In this respect, it offers substantively the same guidance as is found in the Restatement and
Corbin, but then continues, finding it is the mental state when the contract is executed that is
relevant. A contract may not be voided based on previous incompetence or for alleged
incompetence arising after the execution of the contract, though a party's capacity before or after
execution of an agreement is relevant in determining competency at the time the contract was
executed.50 This reinforcement is important, especially in light of the reticence Oklahoma courts
have shown to retroactively voiding contracts for supposed incompetent individuals.
V. CONCLUSION
There is no doubt from the different statutory provisions and case law that once a person
has been declared incompetent, there is an inability to legally contract. However, the history of
the Oklahoma courts has been to find some measure of competency for transactions that are
challenged after the fact, especially when the other party involved has acted in good faith.

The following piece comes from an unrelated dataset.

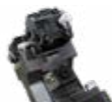
Vordere hydraulische Schutzklappe

Motorkalibrierung "VT" hydraulischer Kolbenmotor mit variablem Drehmoment zur Erhöhung der Leistung und Senkung der Betriebskosten, Perfekt vor Stößen und Schmutz geschützt

The lesson for elder lawyers to learn from this is simple. If competency becomes an issue
in representing a client, it will be extremely difficult to challenge business transactions the client
enters into until such time as some sort of guardianship proceeding is initiated. While this result
49
50
17A AM. JUR. 2D Contracts § 23 (2003).
Id.
13
may be unfair in some circumstances, it reinforces the concept that until the court determines a
person incompetent, that person is competent.